Темная гильдия нанесла системе самоуправления Аринди сокрушительный удар. Хороших специалистов все еще оставалось немало — нельзя так просто уничтожить основу, которую закладывали много лет — но их некому было координировать. А тот, кто мог бы, старался не высовываться. Может быть, как говорил Миль, граждане Аринди слишком расслабились под защитой гильдий, но и темные полностью оторвались от реальности, решив, что блага цивилизации падают с неба.
Все еще живая Бринвен одновременно подключала мозговые узлы установки, составляла длинный список инструментов и терпеливо разговаривала по переговорному браслету. Насколько я мог понять, пятый специалист в цепочке все еще не мог пояснить, кто может санкционировать запуск выданной установки.
Впрочем, неудивительно. Светлый артефакт, замкнутый темной печатью. Разрешить использовать светлый артефакт могут только темные, но кто именно — не скажет ни пятый человек, ни десятый.
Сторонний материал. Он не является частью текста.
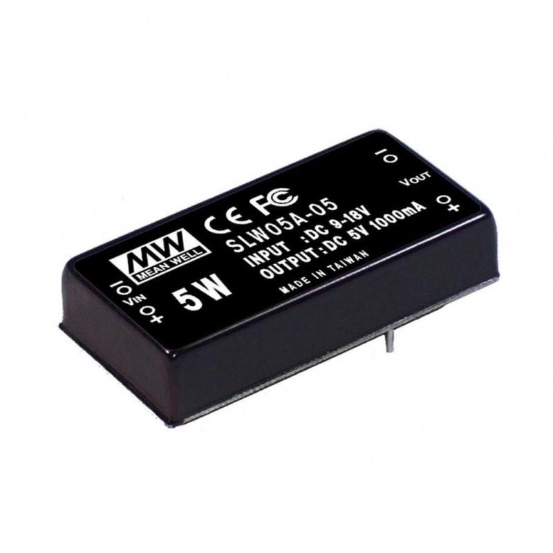 DC-DC Converter PCB mount; Input 9-18Vdc; Output 5Vdc at 1A; DIP Through hole package; Built-in EMI filter; 2" x 1" ultra compact size
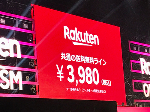 送料無料ラインとは、注文金額に応じて購入者の送料負担を0円にするサービスのこと。今年1月の新春カンファレンスで三木谷社長が「送料無料ラインを統一する」と発表し、8月に具体的な設定金額を「注文金額3980円以上」にすると発表した。
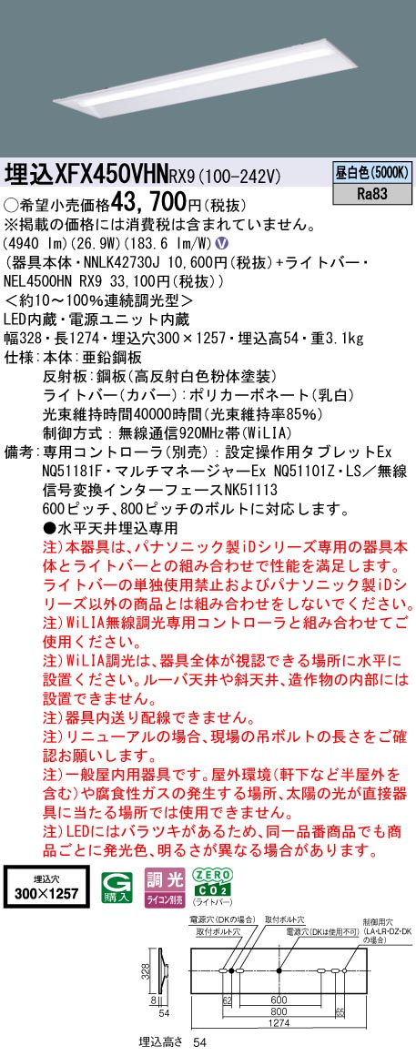 ◆天井埋込型、WiLIA無線調光・省エネタイプ・5200 lmタイプ・昼白色

Темная гильдия не предполагала, что будет выдавать такие разрешения.
— Вы живы, магистр. Но иначе и быть не могло? — волшебница подняла на меня подернутые голубой дымкой глаза. Я ощутил, что вес, который сейчас лежал на ее плечах, разом уменьшился вдвое. — Они не смогли сказать, где она и как ее взять, но я это знаю, поэтому я приехала и взяла. Я поступила очень плохо, но я была права.
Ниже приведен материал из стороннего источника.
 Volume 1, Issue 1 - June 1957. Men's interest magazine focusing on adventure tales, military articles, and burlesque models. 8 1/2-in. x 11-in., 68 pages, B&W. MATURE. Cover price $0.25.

— Центральная власть пытается заморить приграничье. Двенадцать лет минуло, и ничего не поменялось, — одухотворенно заметил светлый боевик из ее свиты, отмечающий землемерным посохом место под скважину.
Все шло так, как могло идти. Среди неофитов появились первые случайные жертвы. На том же самом месте, где их принимали в гильдию, теперь стоял морозильный мертвецкий шатер.
Напоследок я направился туда, где поселили светлых. Внезапно, без предупреждения, не давая им подготовиться. Светлым принадлежал барак с выбитыми стеклами, но в темном тренировочном лагере не было лучше. Правда, сначала моим магам предложили надежный подвал без выбитых окон — без окон вообще — но не думаю, что кто-то всерьез надеялся, что это согласуют. Предложить подвал было приятно.
Перед дверью я задержался, собираясь с духом. Темные предсказуемы. Потерявшие опору темные впадают в уныние, в разрушительную ярость, но никогда точно не знаешь, что случится со светлым. Светлые — сложные существа, как говорит темный магистр Шеннейр, а темный магистр Шеннейр разбирается в этом.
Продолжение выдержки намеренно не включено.